At first I just stewed and simmered, refusing to call him to see when he was coming home.  Dinner time came and went.  Helping with homework, refereeing, making sure showers were taken, medicine was dispensed...trying to ignore the hours passing, but starting to fume. By say, 11 p.m. I am livid!  I mean how nice to be able to disappear for the entire day, while I wrangle your children right?

Part of me begins to worry.  Did he fall over and have a heart attack at the office.  No one is in the building.  It's secured and locked.  How would I know if he ever even made it there?  The truth is I don't really know where he is or if he's been in an accident.
Finally, I send a text.  "Are you still alive?"  15, 20 minutes pass...no response.  Five minutes later, I think I here his car.  A few minutes later, he moseys on up the stairs taking his time.  He walks through the bedroom door without saying a word...as if this is acceptable!  Oh hell no!

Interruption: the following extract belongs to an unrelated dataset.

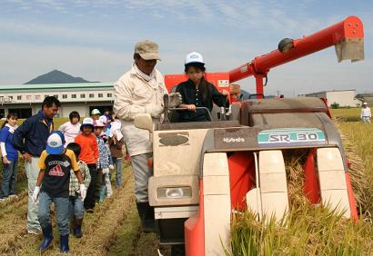 | コンバインに乗り稲刈りを楽しむスクール生 |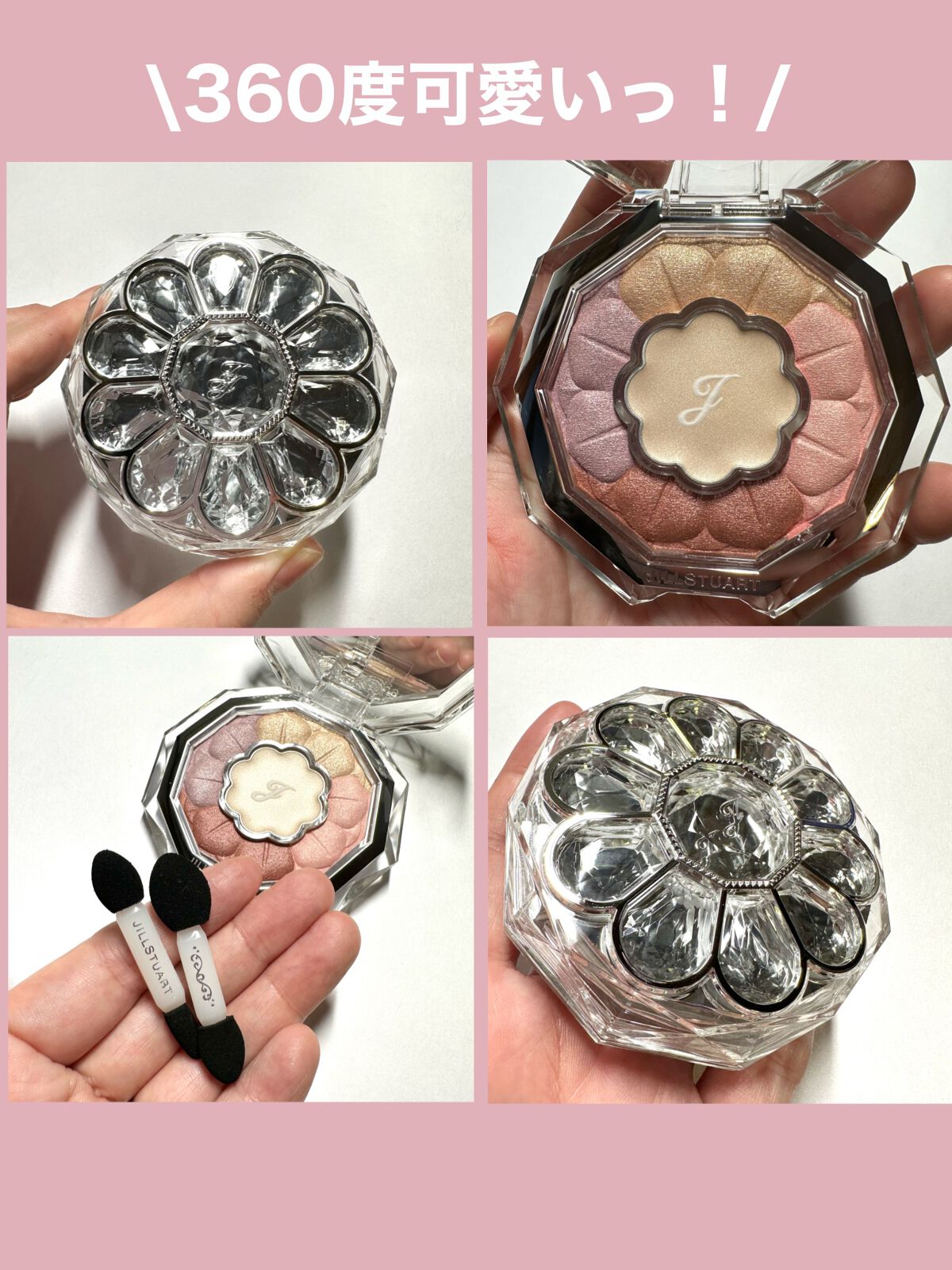 可愛すぎてうっとりしちゃうデザイン🥰💐 中央にアイベース、その周りを花びらのように配色されている5色のアイシャドウ。 柔らかい繊細なラメと透明感のある発色がとっても可愛い💗💗 主張し過ぎないからデイリーメイクにも◎

I light into him like a madwoman!  He probably thought he had wandered into the wrong house.  Who is this crazy woman cursing like a sailor? And what did she do with my wife?
How dare him have me worrying like that!
I mean...fine you need to disappear for a while.  Don't we all?
Fine, you don't feel like talking to me.  That's o.k. too!
But how much trouble would it be to send a freakin' text message,"still here @ the office."

The following day I receive flowers, a sincere apology and a beautiful card.  The sentiment of the message is this, 'We need to take some time for us, away from all of the things that get us down.  We need to re-charge our marriage and get back to the most important thing...our love."

We've all heard the analogy of a marriage being like a garden, you have to water it, get rid of the pests, pull out the weeds and make sure that your plants get plenty of sunlight and fertilzer.   If you leave the garden unattended, your flowers will not blossom, and your plants will surely wither and die.

Soon we will be taking a short trip together.  We will leave our worries and our children behind.  Of course, I am worried about leaving them.  But I keep telling myself...as long as they're still alive when I get home, that's all that matters.  No, they may not be happy while I'm away.  But they're not happy when I 'm here anyway.

We have to water our garden, to nourish our marriage and ultimately our family.